Nevermind, unmapp_mapping_pages() takes a sleeping lock, but then I wonder why we don't restart the lookup like the old implementation.
We have the entry locked:
/* * Make sure 'entry' remains valid while we drop * the i_pages lock. */ dax_lock_entry(xas, entry); /* * Besides huge zero pages the only other thing that gets * downgraded are empty entries which don't need to be * unmapped. */ if (dax_is_zero_entry(entry)) { xas_unlock_irq(xas); unmap_mapping_pages(mapping, xas->xa_index & ~PG_PMD_COLOUR, PG_PMD_NR, false); xas_reset(xas); xas_lock_irq(xas); }
If something can remove a locked entry, then that would seem like the real bug.
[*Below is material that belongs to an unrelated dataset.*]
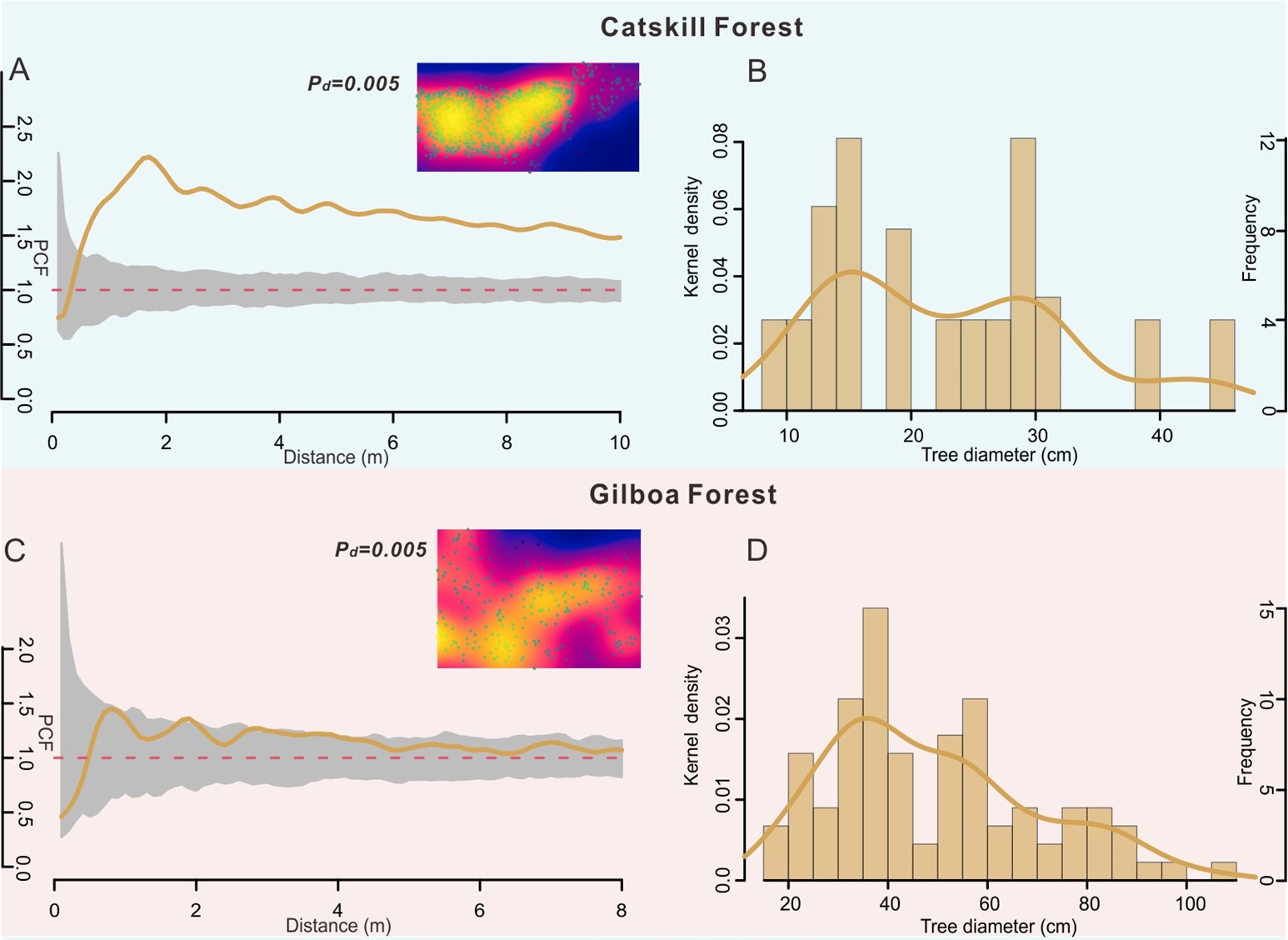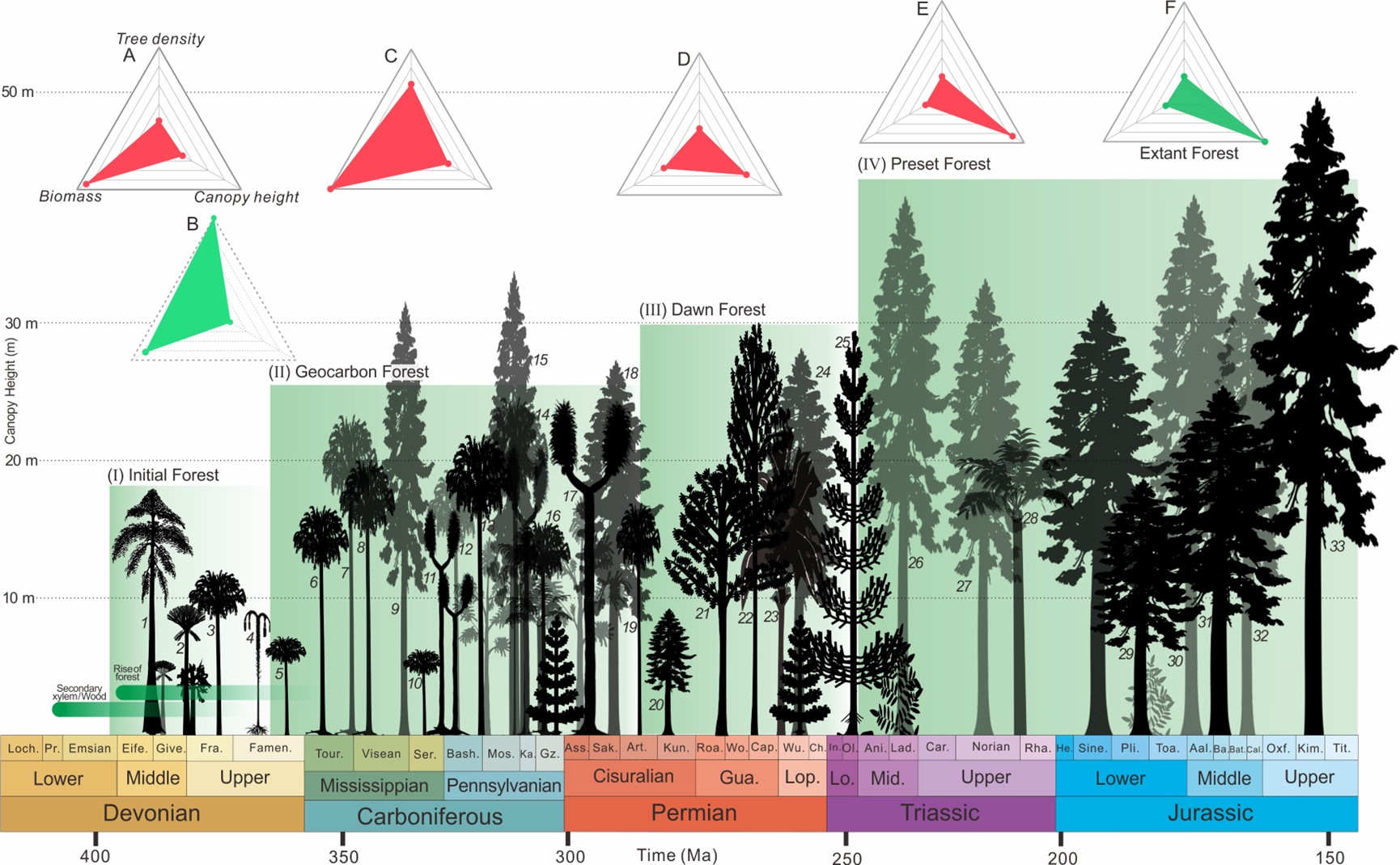 研究结果表明,泥盆纪森林主要分布在低纬度和热带地区,树蕨、石松、前裸子植物均构成森林,且表现出多样的空间模式和林分结构;石炭纪森林由石松类植物主导,生物量和树木密度达到历史峰,冠层高度超过20米;二叠纪森林扩展到中、高纬度,冠层高度增加,但生物量和树木密度有所下降;三叠纪森林主要分布在热带和温暖温带,冠层高度超过30米,生物量和树木密度与现存森林相似,且森林结构呈聚集性。侏罗纪森林扩展至干旱区域,冠层高度接近40米,生物量和树木密度与现存森林相似。空间分析表明,多数化石森林表现出聚集生长模式,类似于现代森林。从生物量来看,石松类森林的生物量最高可达到现代热带雨林生物量的12倍,且石松森林的主导时期与晚古生代大冰期吻合,可能是触发大冰期的关键因素之一。

Might be worth inserting a lookup there to make sure that it hasn't happened, I suppose?
Nope, added a check, we do in fact get the same locked entry back after dropping the lock.
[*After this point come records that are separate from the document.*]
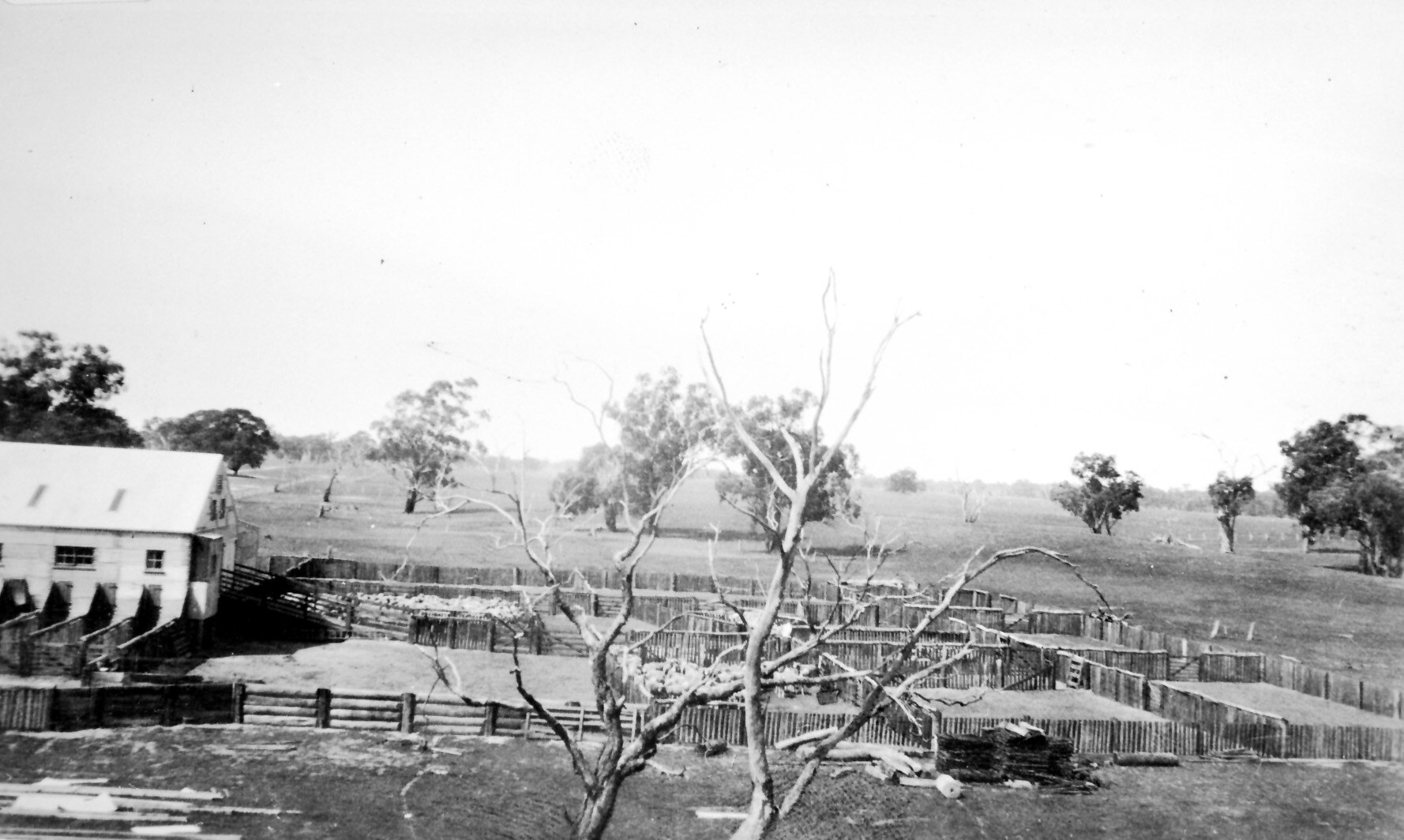 A shearing shed on the left There are a number of sheep yards with sheep in two.
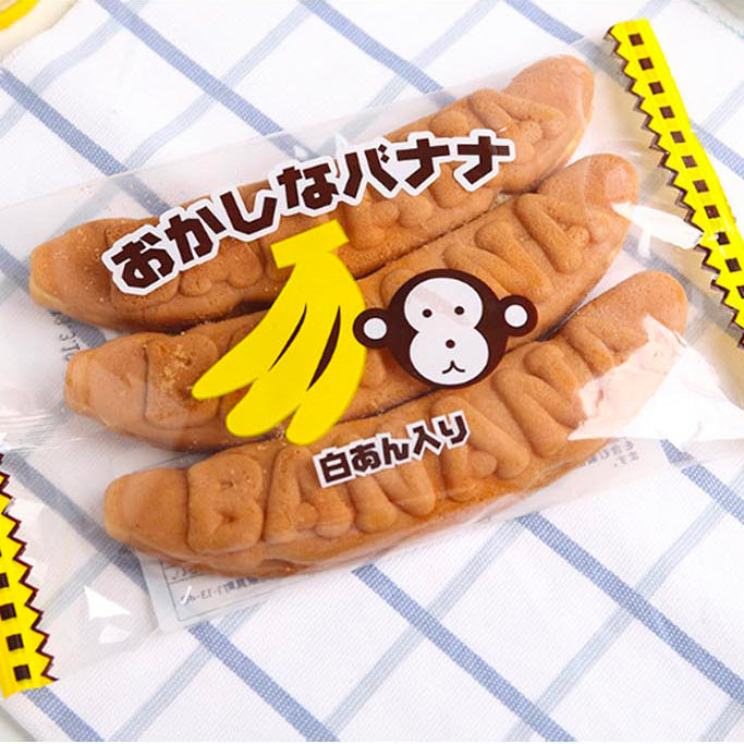 Okashina banana cake features soft and rich sponge cake with a fragrant banana flavored white bean paste filling. It is perfect as a snack or accompaniment to tea.
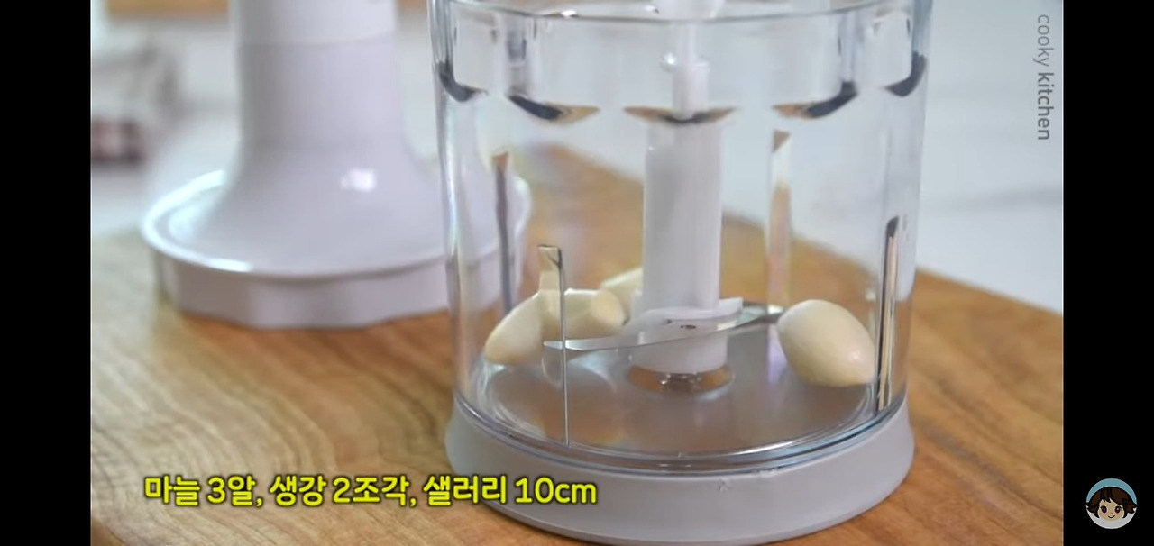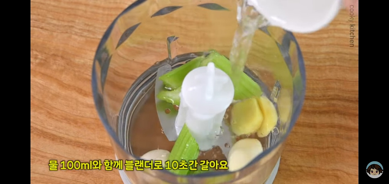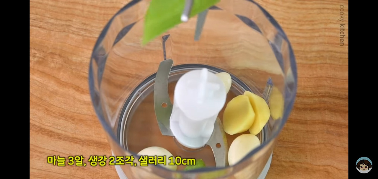 믹서기에 마늘 3쪽, 생강 2조각, 그리고 샐러리 10cm 정도를 넣어주세요.

The deadlock revolves around the mmap_sem. One thread holds it for read and then gets stuck indefinitely in get_unlocked_entry(). Once that happens another rocksdb thread tries to mmap and gets stuck trying to take the mmap_sem for write. Then all new readers, including ps and top that try to access a remote vma, then get queued behind that write.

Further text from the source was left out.